**Task statement**
Write out, word for word and with no pictures, each line below from the one containing "大良观光市场占地面积约1.2" through the one containing "Personalized garden theme", both included, and no other line.
Exercise data: Begin
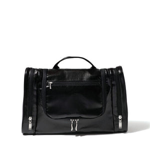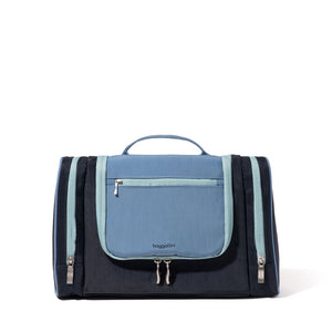 This ultimate toiletry bag features multiple exterior pockets, a space-saving hanging hook, water-resistant fabric, and clear panels for easy access. Its modular design fits perfectly in baggallini luggage, making it essential for organized travel.
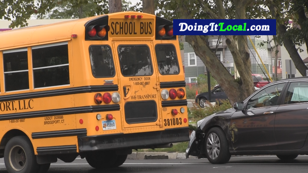 4:04pm–#Fairfield CT–Traffic was backed up on Tunxis Hill from Scap Dodge down to Kohl’s/Stop and Shop where a car crashed into the back of a We Transport school bus. There was one child onboard and EMS was called to evaluate the child.
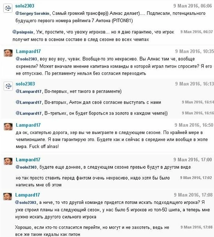 Что случилось: капитан команды-династии Alnas solo2303 (Артур) объявил, после окончания турнира Чемпионшипа, что игрок PITON81 пополнит ряды команды в каждом чемпионате на следующий сезон (прим. рейтинг игрока на 5 апреля 10FR - 130, 7FR - 37). Сие действо возмутило капитана команды из которой ушел игрок Lampard17 (Дениса).
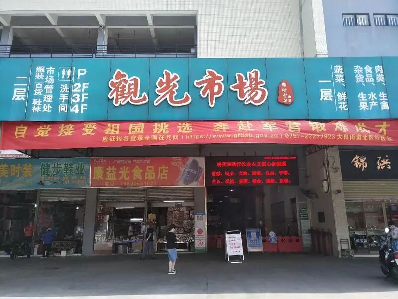 大良观光市场占地面积约1.2万平方米,市场布局合理,通透明亮,按经营项目划分为三个区域:生果副食区,蔬菜鲜花区,水产肉制品区。大良观光市场以农产品种类齐全、物美价廉而闻名顺德,吸引了大量的居民购物消费。
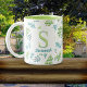 Personalized garden theme coffee mug in a pretty, blue and green watercolor floral design.
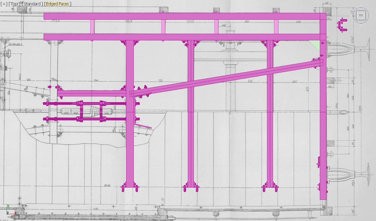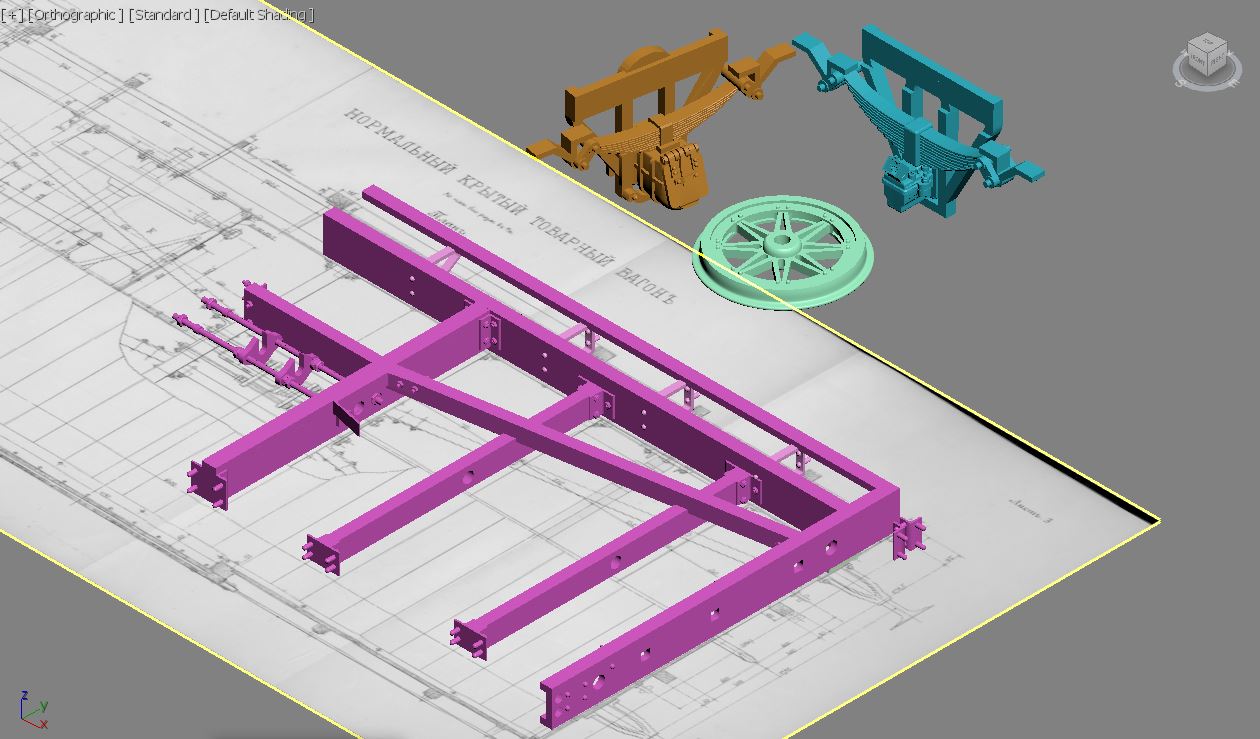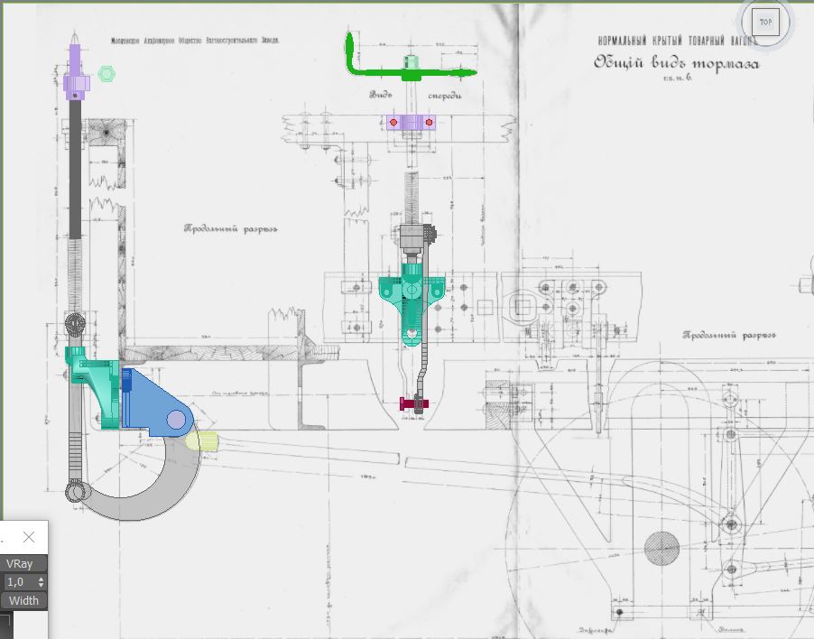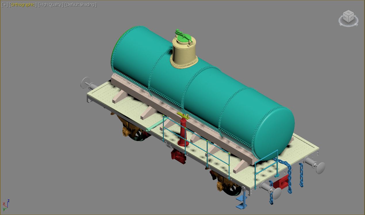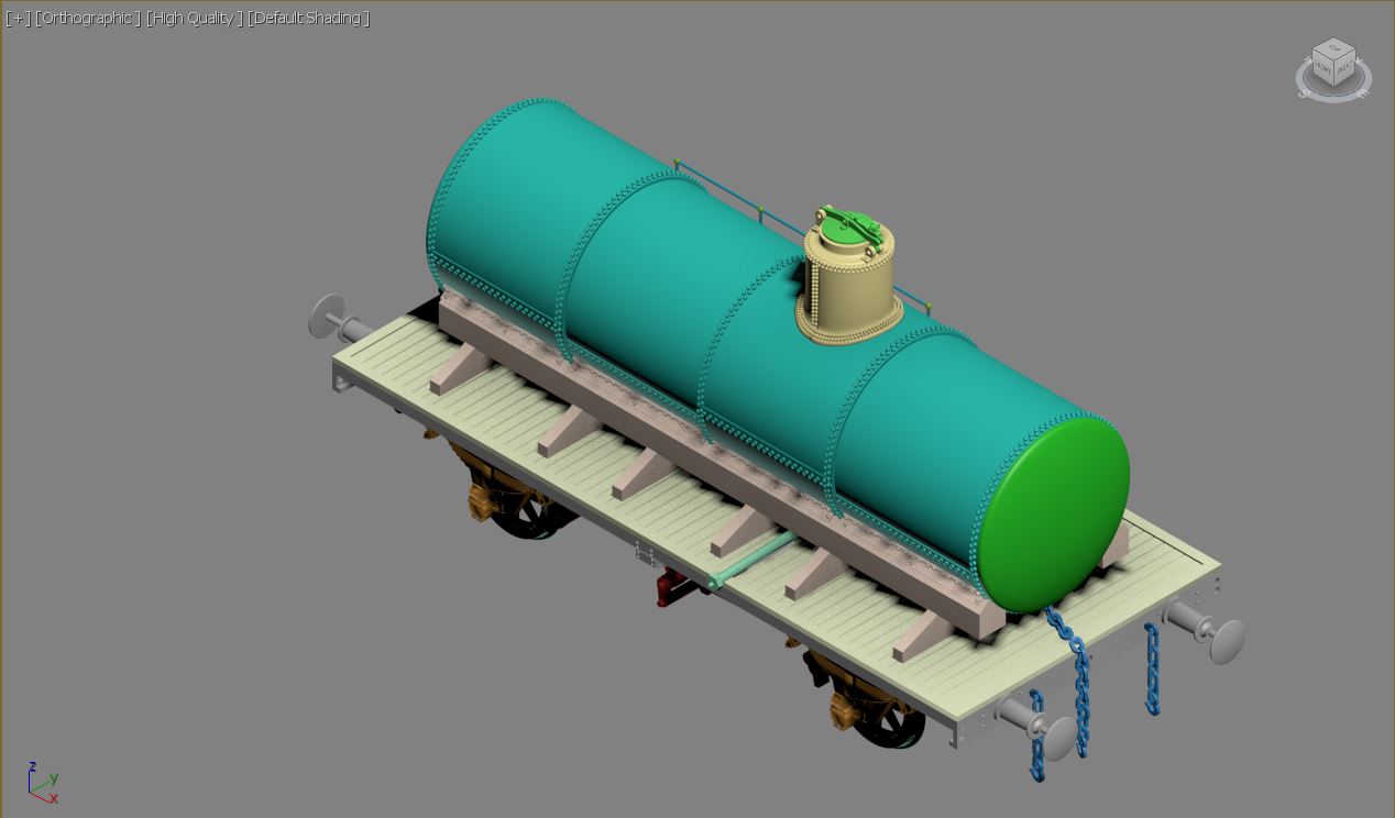 На одной из картинок видно, что присутствуют еще тяги квадратного сечения, на чертеже это увы не показано, но учитывая, ручную работу по изготовлению цистерн и видя другие детали того времени, я предположил, что скорее всего тяги были квадратного сечения, кто что думает по сему поводу? Ну и немного самой модели, что вырисовалось.
Exercise data: End
**The answer**
 大良观光市场占地面积约1.2万平方米,市场布局合理,通透明亮,按经营项目划分为三个区域:生果副食区,蔬菜鲜花区,水产肉制品区。大良观光市场以农产品种类齐全、物美价廉而闻名顺德,吸引了大量的居民购物消费。
 Personalized garden theme coffee mug in a pretty, blue and green watercolor floral design.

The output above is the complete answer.